• [WORK TO COMPLETE] Using the data below, transcribe exactly everything from the line that contains "그릇에 소면을 젓가락으로 말아 올려줍니다." down to the line that contains "Niedlicher Nikolaussteifel Teelichhalter". Include both of those lines and none of the pictures.

• [DATA FOR ANALYSIS]
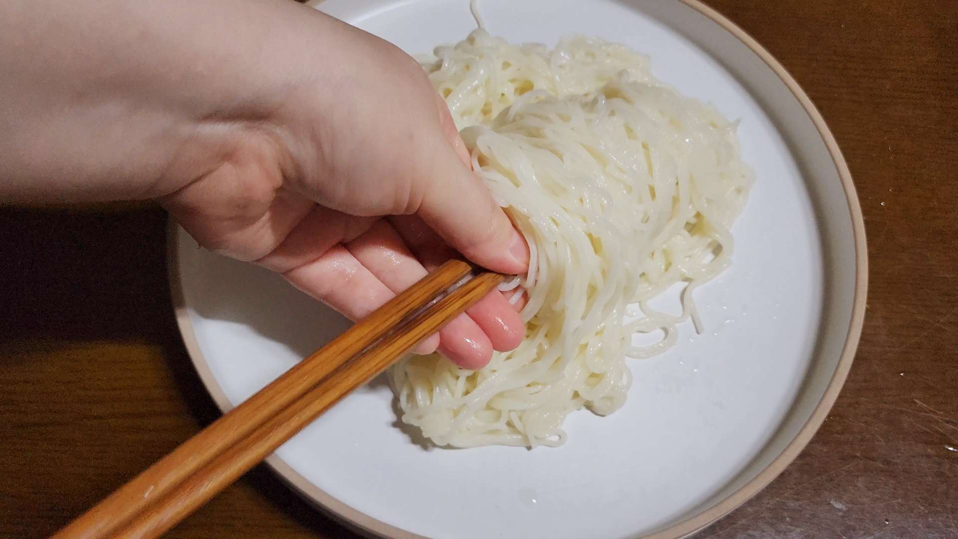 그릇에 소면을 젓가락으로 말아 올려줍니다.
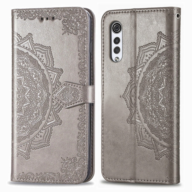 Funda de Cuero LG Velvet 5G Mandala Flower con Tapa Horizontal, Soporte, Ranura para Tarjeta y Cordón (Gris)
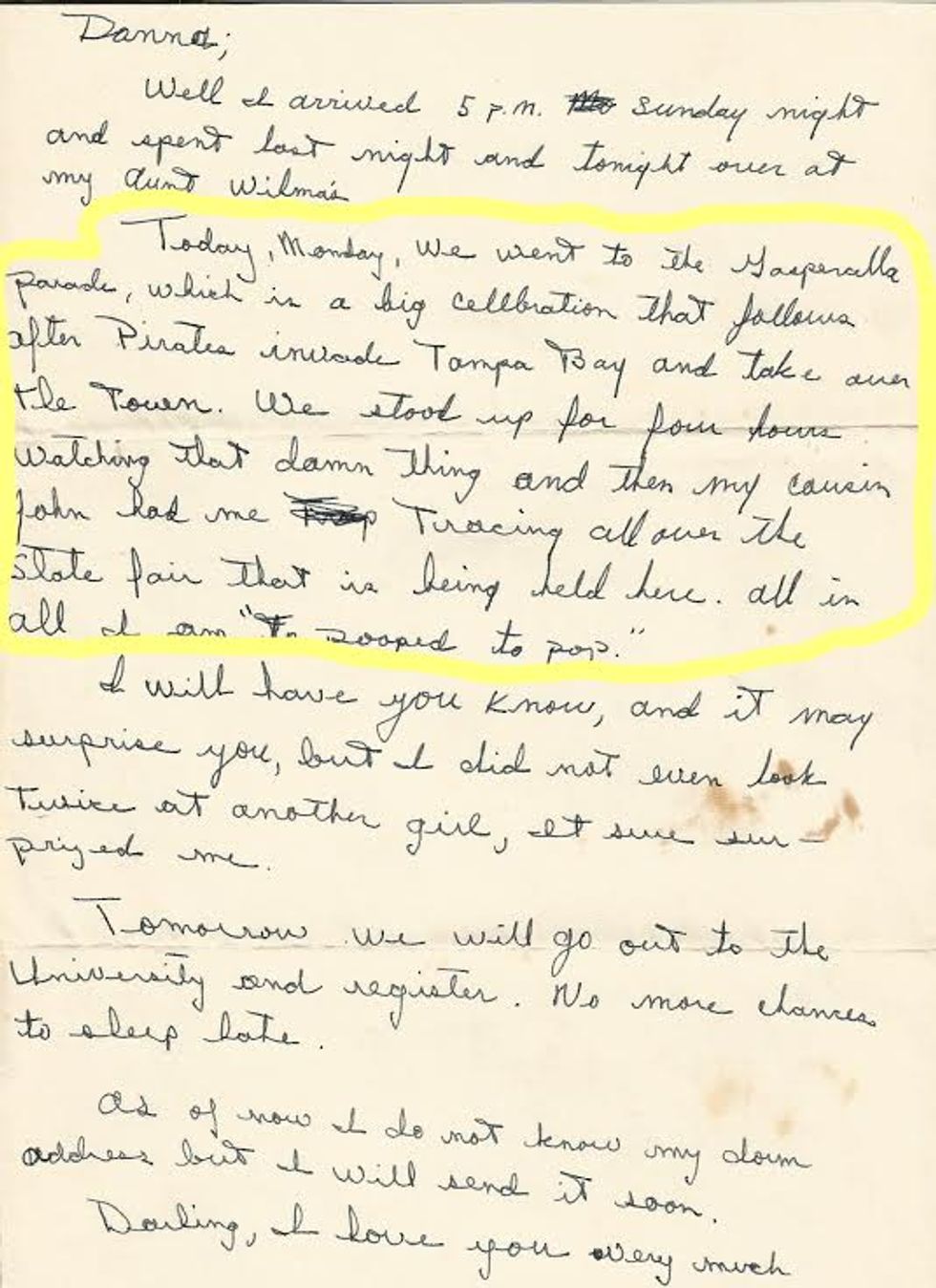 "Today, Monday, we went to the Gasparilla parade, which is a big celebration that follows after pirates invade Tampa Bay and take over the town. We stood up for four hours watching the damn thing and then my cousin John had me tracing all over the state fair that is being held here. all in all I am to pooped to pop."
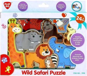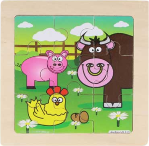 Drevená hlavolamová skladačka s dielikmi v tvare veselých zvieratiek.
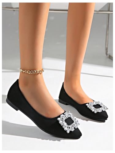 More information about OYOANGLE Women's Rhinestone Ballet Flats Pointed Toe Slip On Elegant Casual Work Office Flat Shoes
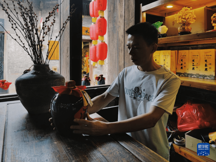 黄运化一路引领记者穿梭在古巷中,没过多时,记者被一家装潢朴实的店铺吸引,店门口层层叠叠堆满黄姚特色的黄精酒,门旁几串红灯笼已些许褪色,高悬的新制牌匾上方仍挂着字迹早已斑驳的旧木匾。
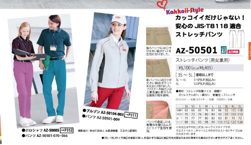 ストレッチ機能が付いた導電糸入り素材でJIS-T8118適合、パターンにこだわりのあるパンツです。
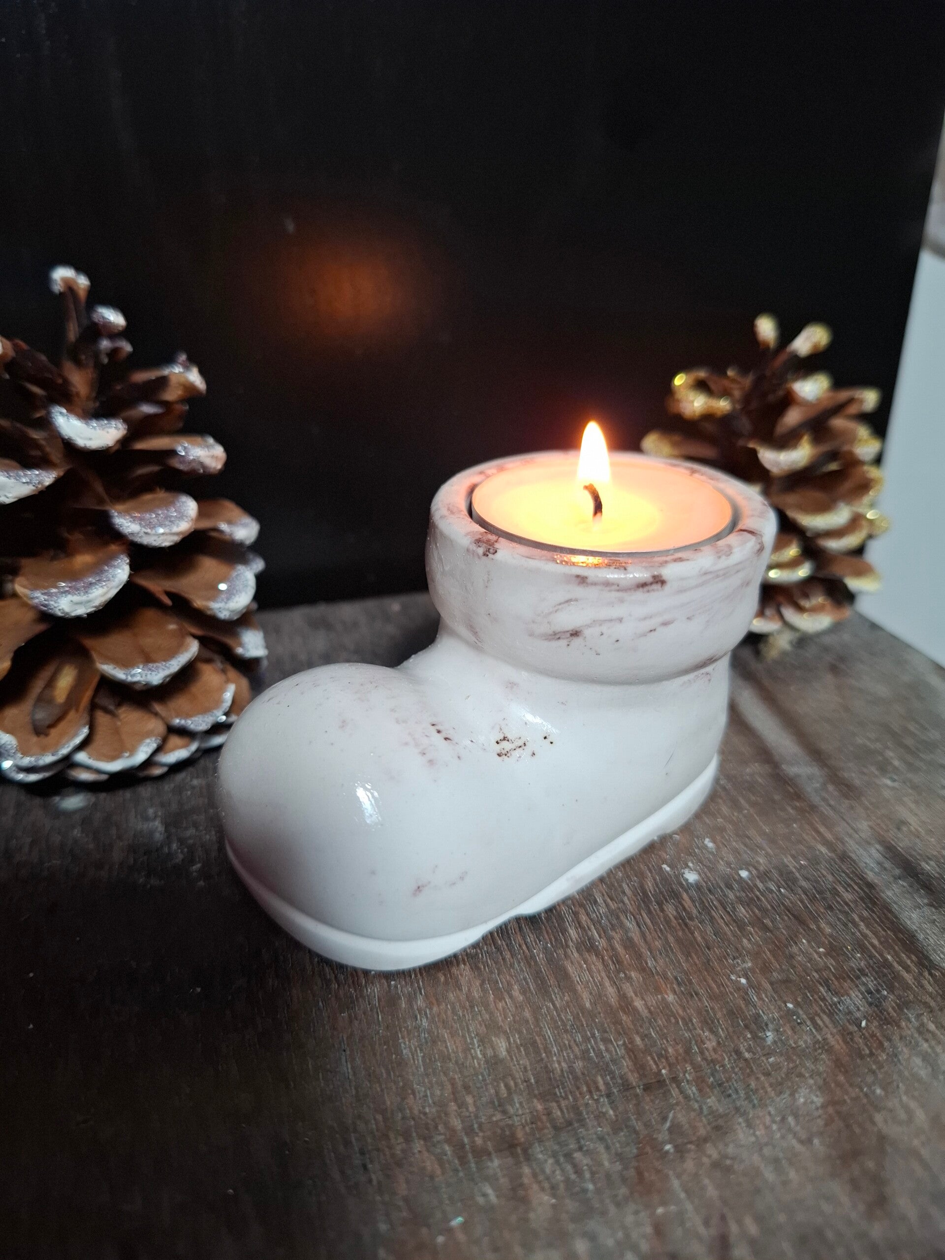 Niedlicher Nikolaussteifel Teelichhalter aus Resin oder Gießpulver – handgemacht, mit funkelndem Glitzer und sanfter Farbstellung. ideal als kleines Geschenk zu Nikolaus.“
...
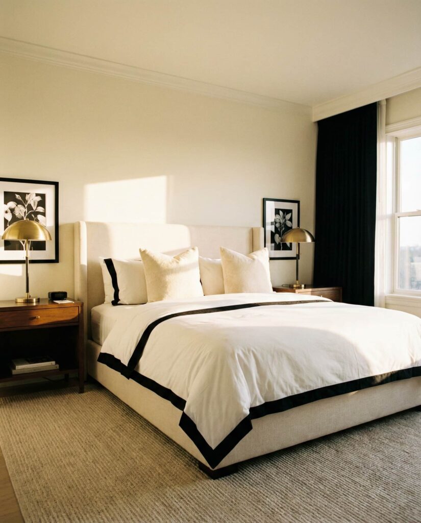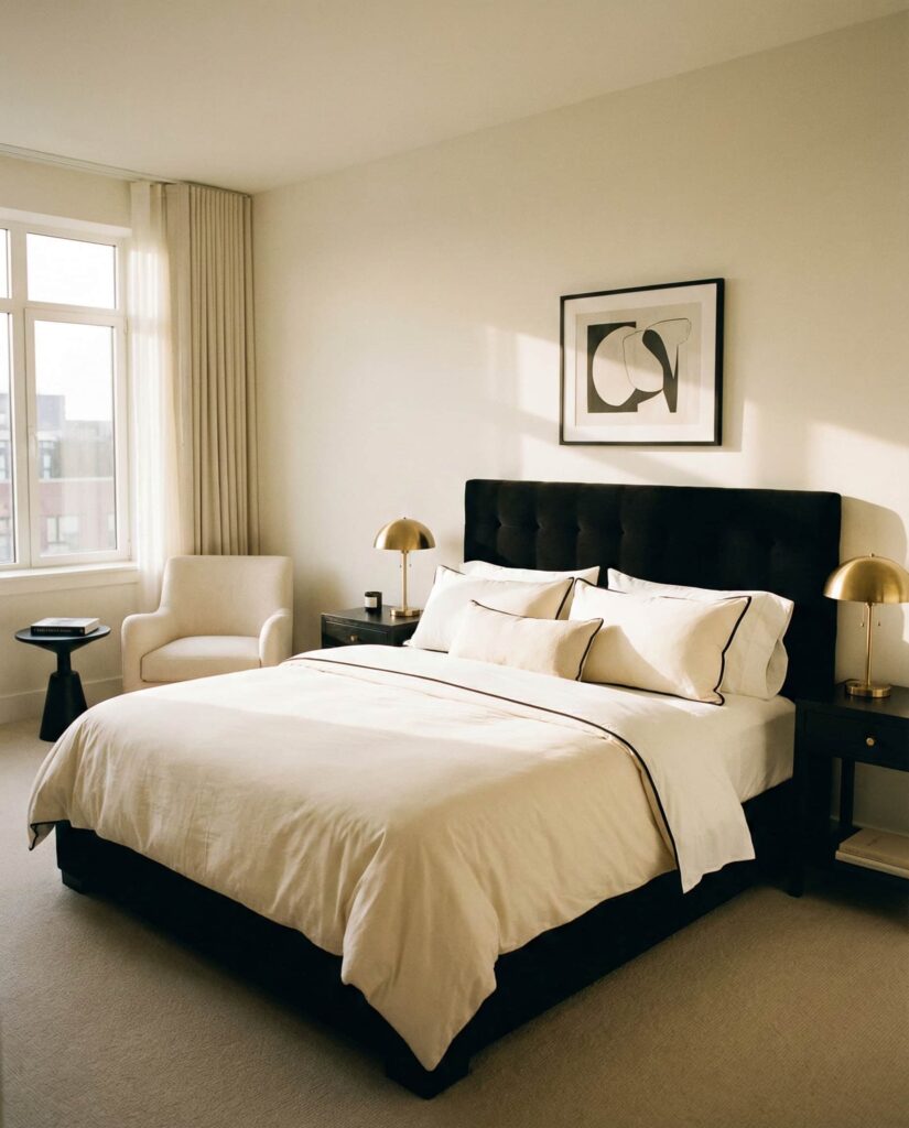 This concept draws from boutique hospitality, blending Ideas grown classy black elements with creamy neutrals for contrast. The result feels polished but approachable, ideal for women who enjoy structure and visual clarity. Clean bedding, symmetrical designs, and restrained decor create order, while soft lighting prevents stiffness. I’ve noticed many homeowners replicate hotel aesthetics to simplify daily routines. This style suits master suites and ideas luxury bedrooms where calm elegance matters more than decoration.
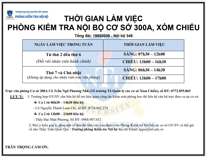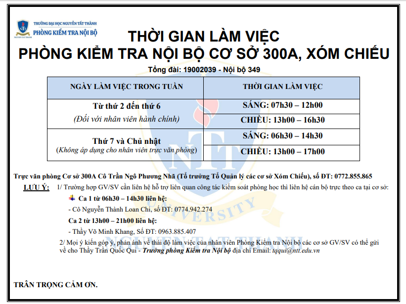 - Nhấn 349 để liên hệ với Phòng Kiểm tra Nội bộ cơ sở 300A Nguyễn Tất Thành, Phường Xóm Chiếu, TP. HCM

• [EXERCISE ANSWER]
 그릇에 소면을 젓가락으로 말아 올려줍니다.
 Funda de Cuero LG Velvet 5G Mandala Flower con Tapa Horizontal, Soporte, Ranura para Tarjeta y Cordón (Gris)
 "Today, Monday, we went to the Gasparilla parade, which is a big celebration that follows after pirates invade Tampa Bay and take over the town. We stood up for four hours watching the damn thing and then my cousin John had me tracing all over the state fair that is being held here. all in all I am to pooped to pop."
 Drevená hlavolamová skladačka s dielikmi v tvare veselých zvieratiek.
 More information about OYOANGLE Women's Rhinestone Ballet Flats Pointed Toe Slip On Elegant Casual Work Office Flat Shoes
 黄运化一路引领记者穿梭在古巷中,没过多时,记者被一家装潢朴实的店铺吸引,店门口层层叠叠堆满黄姚特色的黄精酒,门旁几串红灯笼已些许褪色,高悬的新制牌匾上方仍挂着字迹早已斑驳的旧木匾。
 ストレッチ機能が付いた導電糸入り素材でJIS-T8118適合、パターンにこだわりのあるパンツです。
 Niedlicher Nikolaussteifel Teelichhalter aus Resin oder Gießpulver – handgemacht, mit funkelndem Glitzer und sanfter Farbstellung. ideal als kleines Geschenk zu Nikolaus.“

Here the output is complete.